What you need to do
Give again, word for word, each line below starting at the one that contains "Tidvis får du" and ending at the one that contains "2. Использование 2-х".

Dataset entries
-.-.-
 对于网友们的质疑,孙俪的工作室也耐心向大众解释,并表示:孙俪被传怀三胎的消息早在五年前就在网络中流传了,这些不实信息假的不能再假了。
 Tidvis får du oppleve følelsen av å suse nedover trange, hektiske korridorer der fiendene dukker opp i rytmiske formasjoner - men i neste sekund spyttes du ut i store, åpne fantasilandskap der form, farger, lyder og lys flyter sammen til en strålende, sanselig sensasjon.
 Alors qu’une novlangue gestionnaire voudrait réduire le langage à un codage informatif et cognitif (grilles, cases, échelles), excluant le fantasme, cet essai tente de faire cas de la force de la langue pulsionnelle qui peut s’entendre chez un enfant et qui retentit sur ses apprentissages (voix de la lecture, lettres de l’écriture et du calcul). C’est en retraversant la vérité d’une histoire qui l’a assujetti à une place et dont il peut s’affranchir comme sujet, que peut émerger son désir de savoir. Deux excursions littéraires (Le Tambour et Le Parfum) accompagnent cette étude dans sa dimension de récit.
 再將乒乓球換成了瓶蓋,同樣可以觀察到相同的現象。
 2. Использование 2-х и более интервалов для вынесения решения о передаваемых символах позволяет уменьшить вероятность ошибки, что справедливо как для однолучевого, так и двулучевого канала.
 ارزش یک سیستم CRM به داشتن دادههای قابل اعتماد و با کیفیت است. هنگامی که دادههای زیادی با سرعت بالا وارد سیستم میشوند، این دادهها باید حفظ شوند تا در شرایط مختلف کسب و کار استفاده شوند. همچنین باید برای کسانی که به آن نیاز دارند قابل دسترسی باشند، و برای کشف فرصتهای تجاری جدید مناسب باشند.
-.-.-
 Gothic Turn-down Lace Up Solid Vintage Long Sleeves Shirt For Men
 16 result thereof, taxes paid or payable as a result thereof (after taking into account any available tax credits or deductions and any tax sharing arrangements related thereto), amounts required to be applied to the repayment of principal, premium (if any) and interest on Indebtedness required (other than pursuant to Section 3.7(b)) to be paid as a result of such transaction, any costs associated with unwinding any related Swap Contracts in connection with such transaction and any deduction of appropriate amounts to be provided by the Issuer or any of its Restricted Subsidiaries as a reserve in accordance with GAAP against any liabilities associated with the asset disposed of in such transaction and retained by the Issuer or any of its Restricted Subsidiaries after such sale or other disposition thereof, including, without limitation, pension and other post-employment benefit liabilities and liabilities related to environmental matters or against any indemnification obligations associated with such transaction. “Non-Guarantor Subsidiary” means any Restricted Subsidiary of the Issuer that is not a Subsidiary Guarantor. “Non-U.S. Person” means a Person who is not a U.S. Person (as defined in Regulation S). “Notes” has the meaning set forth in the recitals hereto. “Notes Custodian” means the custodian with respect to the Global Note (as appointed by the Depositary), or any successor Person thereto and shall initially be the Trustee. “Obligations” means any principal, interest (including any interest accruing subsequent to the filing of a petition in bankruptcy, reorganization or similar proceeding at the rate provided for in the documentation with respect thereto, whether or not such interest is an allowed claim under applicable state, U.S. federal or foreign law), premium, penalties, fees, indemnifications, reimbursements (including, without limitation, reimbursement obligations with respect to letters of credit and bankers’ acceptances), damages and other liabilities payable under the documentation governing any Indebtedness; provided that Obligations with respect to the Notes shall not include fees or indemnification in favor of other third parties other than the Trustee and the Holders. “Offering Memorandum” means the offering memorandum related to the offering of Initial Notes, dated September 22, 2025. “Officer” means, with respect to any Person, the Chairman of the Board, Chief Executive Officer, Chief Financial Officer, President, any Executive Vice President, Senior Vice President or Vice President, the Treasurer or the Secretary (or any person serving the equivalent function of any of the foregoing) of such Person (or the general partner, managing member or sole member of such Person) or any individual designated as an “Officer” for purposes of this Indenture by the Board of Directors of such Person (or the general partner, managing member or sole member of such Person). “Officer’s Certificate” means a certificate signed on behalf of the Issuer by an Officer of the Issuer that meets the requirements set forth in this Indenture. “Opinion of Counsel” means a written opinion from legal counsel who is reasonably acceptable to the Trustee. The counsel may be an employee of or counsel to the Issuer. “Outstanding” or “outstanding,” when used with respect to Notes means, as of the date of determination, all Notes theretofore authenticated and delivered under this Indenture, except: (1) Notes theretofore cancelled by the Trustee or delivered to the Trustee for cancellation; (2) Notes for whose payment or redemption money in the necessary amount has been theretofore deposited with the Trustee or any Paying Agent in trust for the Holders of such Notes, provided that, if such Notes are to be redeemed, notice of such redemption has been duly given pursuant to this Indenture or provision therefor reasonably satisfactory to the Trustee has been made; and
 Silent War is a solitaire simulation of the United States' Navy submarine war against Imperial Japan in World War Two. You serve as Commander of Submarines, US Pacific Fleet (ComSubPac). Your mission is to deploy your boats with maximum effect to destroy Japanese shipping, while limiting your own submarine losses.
-.-.-
Exercise response
 Tidvis får du oppleve følelsen av å suse nedover trange, hektiske korridorer der fiendene dukker opp i rytmiske formasjoner - men i neste sekund spyttes du ut i store, åpne fantasilandskap der form, farger, lyder og lys flyter sammen til en strålende, sanselig sensasjon.
 Alors qu’une novlangue gestionnaire voudrait réduire le langage à un codage informatif et cognitif (grilles, cases, échelles), excluant le fantasme, cet essai tente de faire cas de la force de la langue pulsionnelle qui peut s’entendre chez un enfant et qui retentit sur ses apprentissages (voix de la lecture, lettres de l’écriture et du calcul). C’est en retraversant la vérité d’une histoire qui l’a assujetti à une place et dont il peut s’affranchir comme sujet, que peut émerger son désir de savoir. Deux excursions littéraires (Le Tambour et Le Parfum) accompagnent cette étude dans sa dimension de récit.
 再將乒乓球換成了瓶蓋,同樣可以觀察到相同的現象。
 2. Использование 2-х и более интервалов для вынесения решения о передаваемых символах позволяет уменьшить вероятность ошибки, что справедливо как для однолучевого, так и двулучевого канала.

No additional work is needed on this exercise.